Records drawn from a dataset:
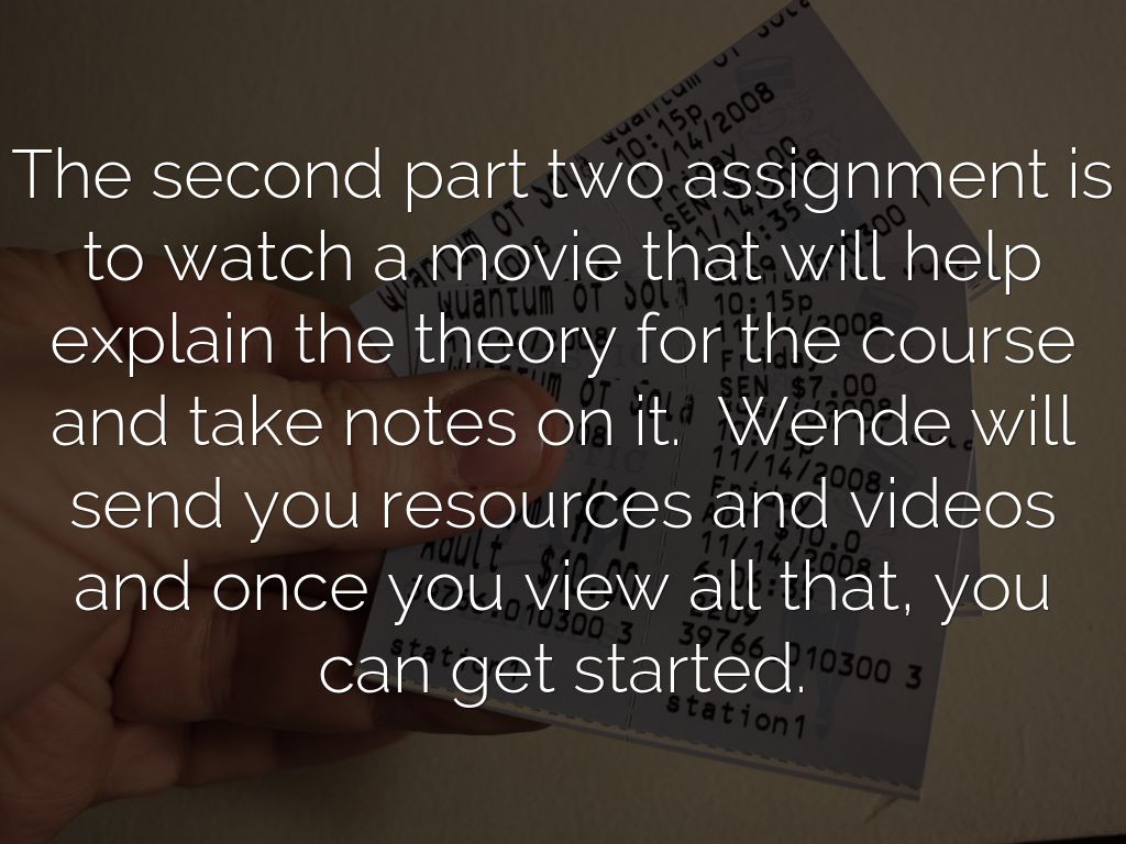 The second part two assignment is to watch a movie that will help explain the theory for the course and take notes on it. Wende will send you resources and videos and once you view all that, you can get started.
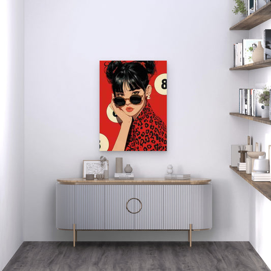 Featuring a Lucky 8 Ball with a Red Leopard Print 60x90cm Metal Print Ready to Hang
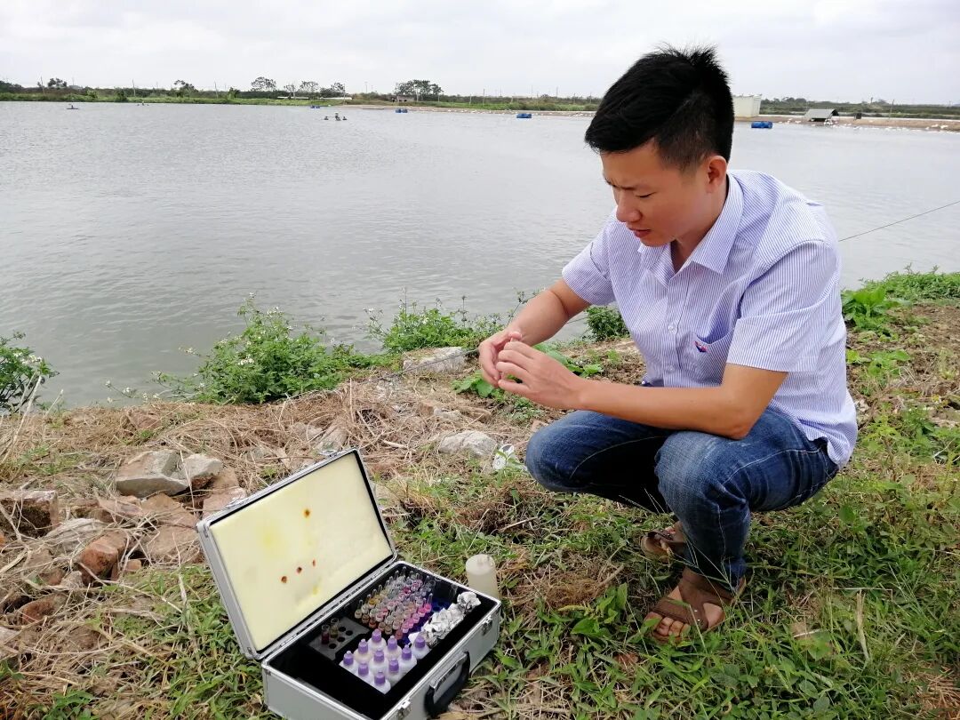 ▲欧大耀同志在塘头一线正在为农户检测水质
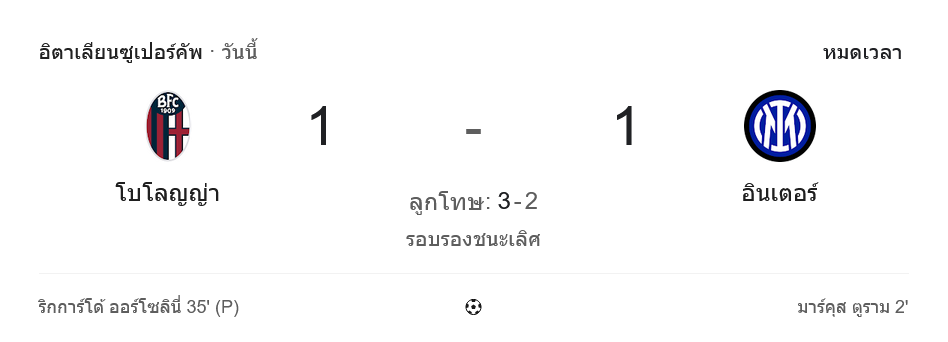 🎯 ดวลจุดโทษท้ายเกม โบโลญญ่าทำได้แม่นยำกว่า ยิงเข้า 3 ประตู ส่วนอินเตอร์ยิงเข้าเพียง 2 ทำให้โบโลญญ่าชนะในการดวลโทษ 3-2 หลังเสมอในเวลา 1-1 ทะลุเข้าชิงซูแปร์โกปปาอีตาเลียนากับนาโปลี
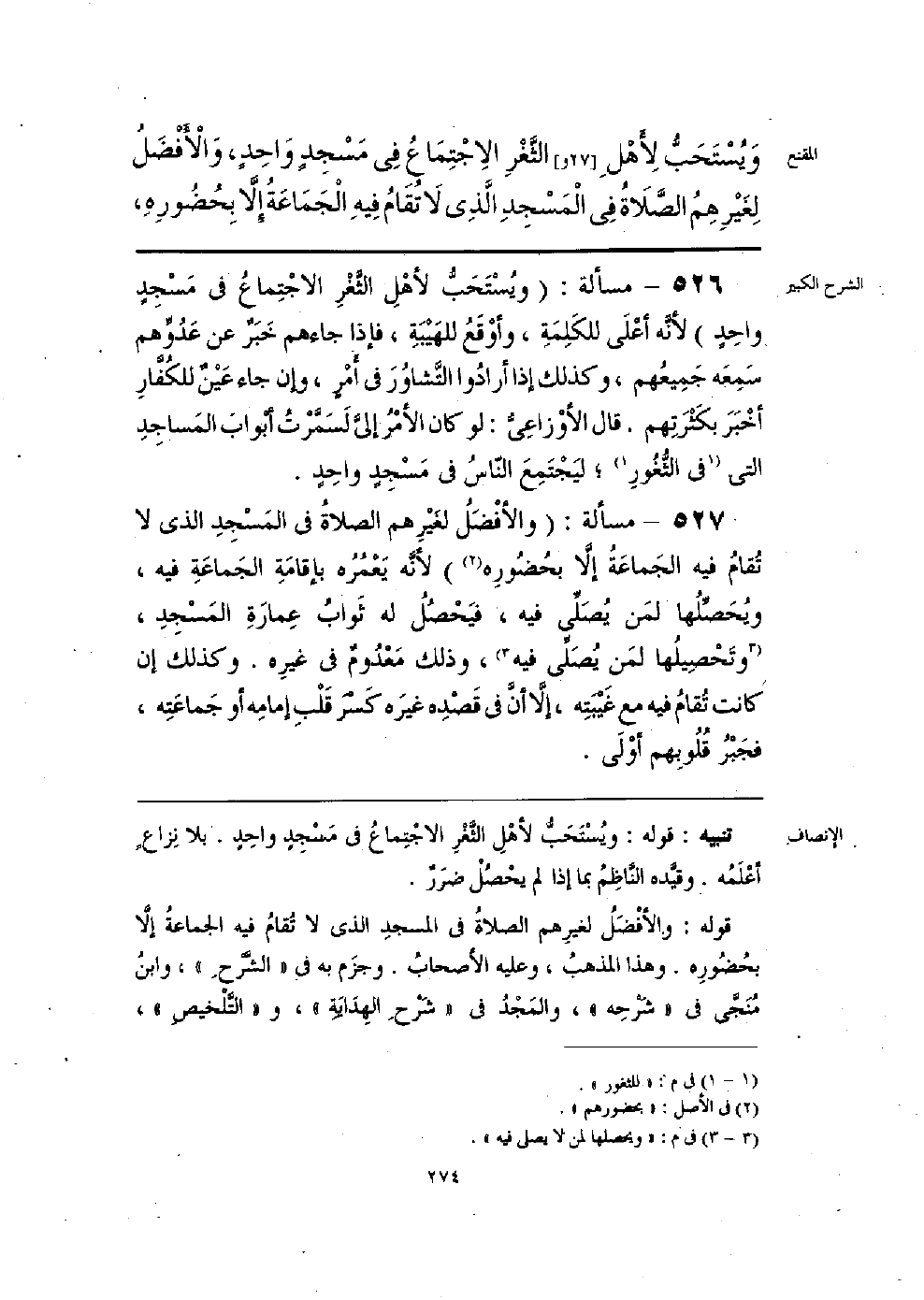 تنبيه: قوله: ويُسْتَحبُّ لأهْلِ الثغرِ الاجْتِماعُ في مسجد واحدٍ. بلا نِزاعٍ أعلمُه. وقيده الناظمُ بما إذا لم يحصُلْ ضرَر.
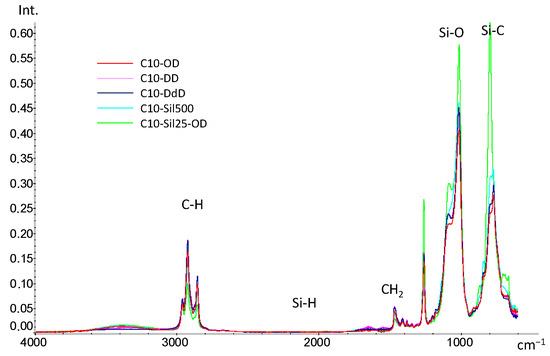 Survey IR spectra (Figure 2) obtained for cross-linked C10 samples confirm the occurrence of the hydrosilylation reaction: the bands at 2168 cm−1, corresponding to the Si-H bond, are completely absent in all spectra. The absence of the characteristic spectral features of double bonds from olefins (bands above 3000 cm−1 from =CH2, 1640–60 cm−1 from C=C and 910 cm−1 from bending vibrations at the CH=CH2 node) indicates the addition of introduced cross-linking agents to both double bonds.
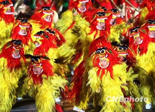 10月1日晚,庆祝中华人民共和国成立60周年联欢晚会在北京天安门广场举行,少年儿童扮演的小狮子为新中国六十华诞送祝福。中新社发 宋吉河 摄
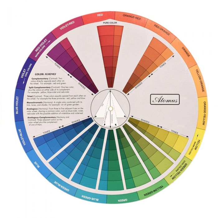 Консуматив за определяне на нюанси и цветови гами, оптимални цветови комбинации. Подбиране на цветовете при перманентен грим и татуировки. Влияние на цветовете при перманентен грим и татуировки. Практична палитра за визуализиране връзката между пигментите. Размер: 23 сантиметра. Материал: твърда хартия. Начин на употреба. Изберете цвят от външния кръг. Подберете цвят от вътрешния кръг и ги подравнете. Резултата е в прозореца.
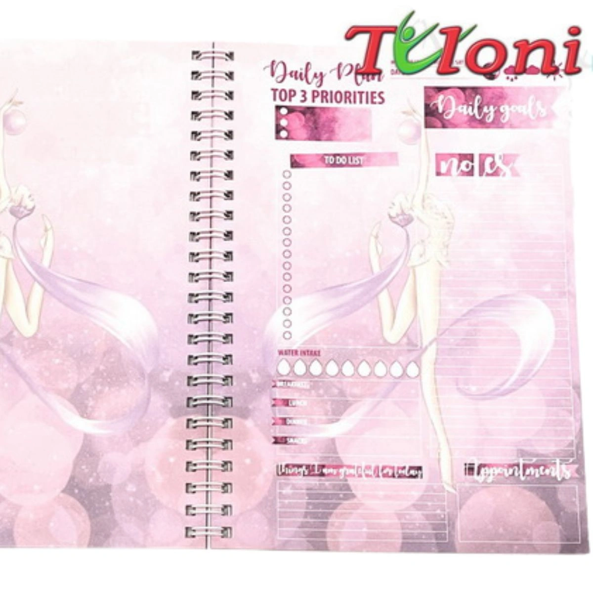 Diário cheio de estilo para jovens ginastas. Capa grossa e brilhante com tema de ginástica. Formato A5 com dimensões 15x21 cm. Composto por 49 folhas para anotações importantes e planeamento. Ótima qualidade. Um presente perfeito para uma jovem ginasta.

PROBLEM STATEMENT — With the pictures left out, give again exactly the lines from the one with "หลังเสมอในเวลา 1-1 ทะลุเข้าชิงซูแปร์โกปปาอีตาเลียนากับนาโปลี" through the end of the data, both included.

SOLUTION BELOW —
 🎯 ดวลจุดโทษท้ายเกม โบโลญญ่าทำได้แม่นยำกว่า ยิงเข้า 3 ประตู ส่วนอินเตอร์ยิงเข้าเพียง 2 ทำให้โบโลญญ่าชนะในการดวลโทษ 3-2 หลังเสมอในเวลา 1-1 ทะลุเข้าชิงซูแปร์โกปปาอีตาเลียนากับนาโปลี
 تنبيه: قوله: ويُسْتَحبُّ لأهْلِ الثغرِ الاجْتِماعُ في مسجد واحدٍ. بلا نِزاعٍ أعلمُه. وقيده الناظمُ بما إذا لم يحصُلْ ضرَر.
 Survey IR spectra (Figure 2) obtained for cross-linked C10 samples confirm the occurrence of the hydrosilylation reaction: the bands at 2168 cm−1, corresponding to the Si-H bond, are completely absent in all spectra. The absence of the characteristic spectral features of double bonds from olefins (bands above 3000 cm−1 from =CH2, 1640–60 cm−1 from C=C and 910 cm−1 from bending vibrations at the CH=CH2 node) indicates the addition of introduced cross-linking agents to both double bonds.
 10月1日晚,庆祝中华人民共和国成立60周年联欢晚会在北京天安门广场举行,少年儿童扮演的小狮子为新中国六十华诞送祝福。中新社发 宋吉河 摄
 Консуматив за определяне на нюанси и цветови гами, оптимални цветови комбинации. Подбиране на цветовете при перманентен грим и татуировки. Влияние на цветовете при перманентен грим и татуировки. Практична палитра за визуализиране връзката между пигментите. Размер: 23 сантиметра. Материал: твърда хартия. Начин на употреба. Изберете цвят от външния кръг. Подберете цвят от вътрешния кръг и ги подравнете. Резултата е в прозореца.
 Diário cheio de estilo para jovens ginastas. Capa grossa e brilhante com tema de ginástica. Formato A5 com dimensões 15x21 cm. Composto por 49 folhas para anotações importantes e planeamento. Ótima qualidade. Um presente perfeito para uma jovem ginasta.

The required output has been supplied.